Перед обсуждением статистических свойств генных ансамблей необходимо обратить внимание на еще одно ведущее направление биологических исследований первой декады третьего тысячелетия, представляющее собой новую область науки, часто называемую, может быть не очень удачно, системной биологией. Системная биология провозглашает своей конечной целью построение моделей и понимание функционирования биологических систем во всей их сложности. Реальное положение дел на данном этапе становления этой области исследований заключается в том, что основное внимание направлено на агрегацию обширных данных специфического типа, таких как транскриптомы (совокупность всех экспрессируемых РНК клетки, ткани или организма), протеомы (совокупность всех экспрессированных белков), метаболомы (совокупность всех метаболитов) и другие «-омы» (Bruggeman and Westerhoff, 2007; Koonin and Wolf, 2008a). Все эти «-омы» описываются системной биологией с помощью количественных понятий, таких как концентрация белка или метаболита.

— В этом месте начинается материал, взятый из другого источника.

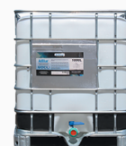
IBC de 1000 litres avec plongeur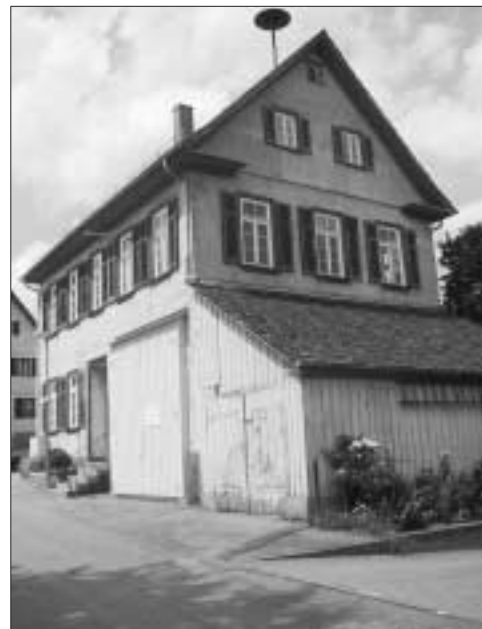
Altes Rathaus Alzenberg

Am 21. 08.2006 fanden sich 40 interessierte Alt- und Neualzenberger am Erhalt des Alten Rathauses in dessen Saal ein. Nach einer kurzen Begrüßung wurde ein Rundgang durch das Alte Rathaus gestartet, damit sich jeder ein eigenes Bild über das Gebäude machen konnte. Das Alte Rathaus ist in vielen Bereichen noch im Originalzustand aus dem Jahr 1880. In den 50er Jahren wurden die Fenster erneuert und verschiedene Einbauten vorgenommen.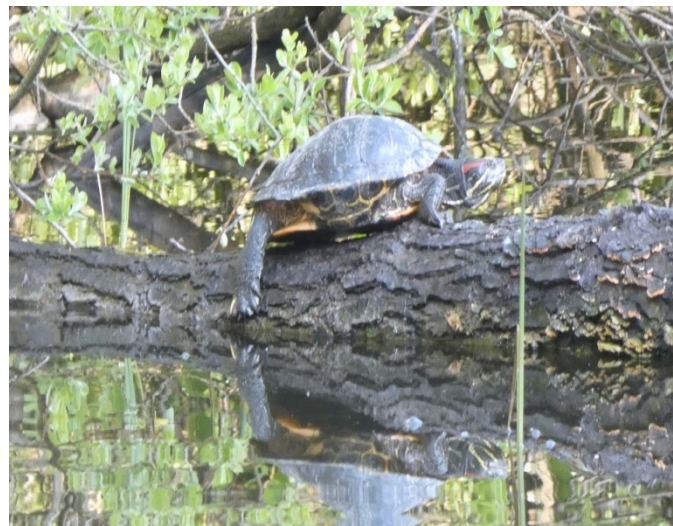
Cette tortue ne participait pas à la randonnée tonique !

Так же как и генетику в ее первые годы, системную биологию многие ученые приняли за скучную «большую науку» и слишком хлопотливое занятие. (Подозреваю, что это отношение до сих пор преобладает.) Так же как и с генетикой, первый взгляд оказался, мягко говоря, недальновидным. Наличие высококачественных данных по генной экспрессии, генетическим и белок-белковым взаимодействиям, локализации белка в клетке и других данных системного уровня в масштабе генома открыло новые измерения эволюционного анализа (иначе иногда называемого эволюционной системной биологией) и обеспечило его взаимопроникновение с эволюционной геномикой. В исследованиях системной биологии, в масштабах генома, уже были открыты нетривиальные связи между эволюцией генных последовательностей, генной экспрессией, структурой белка и другими характеристиками генов и белков. Эти открытия в целом оказались совместимыми с точкой зрения на геном как на статистический ансамбль генов и дали возможность в новом свете рассмотреть селективную и нейтральную составляющие эволюции структуры и функций генома.

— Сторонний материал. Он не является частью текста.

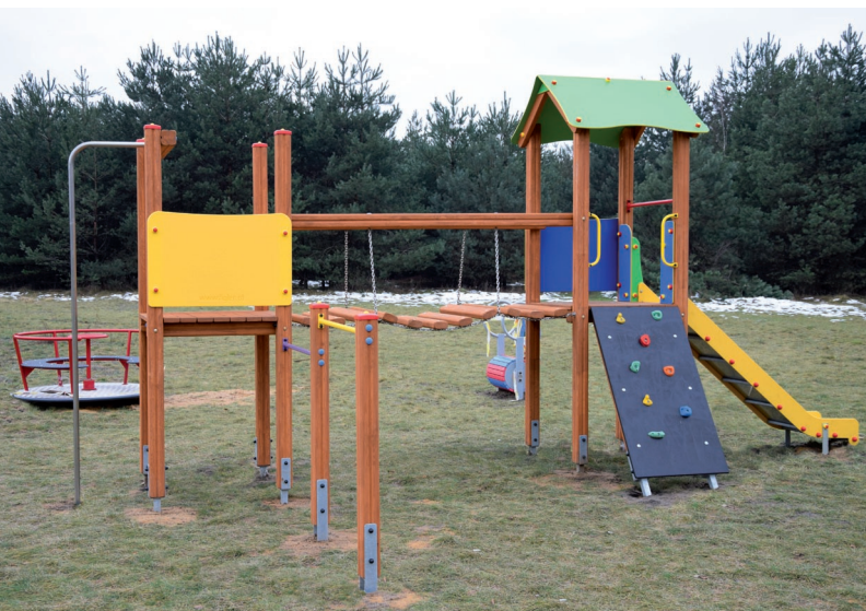
Plac zabaw przy ul. Leśnej w Mierzęcicach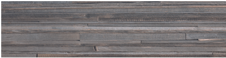
OREGON AGATA DECO Size: 11.8x47.2"

Взаимосвязь между эволюционными и фенотипическими параметрами, универсалии эволюции генов, белков и геномов и физическая модель эволюционного процесса
В предыдущей главе было показано, что белок-кодирующие гены (по крайней мере в отношении мутационных замен, приводящих к изменению аминокислот в кодируемом белке) принадлежат к числу наиболее консервативных последовательностей генома. Однако уже на раннем этапе исследований в молекулярной эволюции стало понятно, что скорости эволюционирования белок-кодирующих генов могут очень сильно разниться (Wilson et al., 1977). Этот широкий разброс значений в общем объясняли существованием широкого спектра функций белка, которые по-разному ограничивают скорость эволюции соответствующих генов. В самом деле, кажется само собой разумеющимся, что огромная роль ДНК-полимеразы, сложнейшего фермента, который катализирует встраивание комплементарных матрице нуклеотидов в растущую цепь ДНК, требует значительного ограничения на скорость эволюции для соответствующей ей генной последовательности, в то время как, например, для структурного белка, чья единственная задача состоит в поддержании целостности ядерного матрикса, такого сильного ограничения не требуется. Фундаментальное представление о том, что эволюция белок-кодирующих генов может сводиться не только к уникальным особенностям молекулярной структуры и функции белков, возникло уже на этом раннем этапе. В богатой идеями обзорной статье, опубликованной Аланом Вильсоном и коллегами в 1977 году, выдвигается гипотеза о том, что скорость эволюции генных последовательностей зависит как от уникальных функций кодируемого белка, так и от важности этого белка для выживания организма (Wilson et al., 1977). Однако в то время не было прямых способов изучения эволюционных ограничений, так что эти идеи, хоть и интригующие, тогда находились всецело в области умозрительных построений.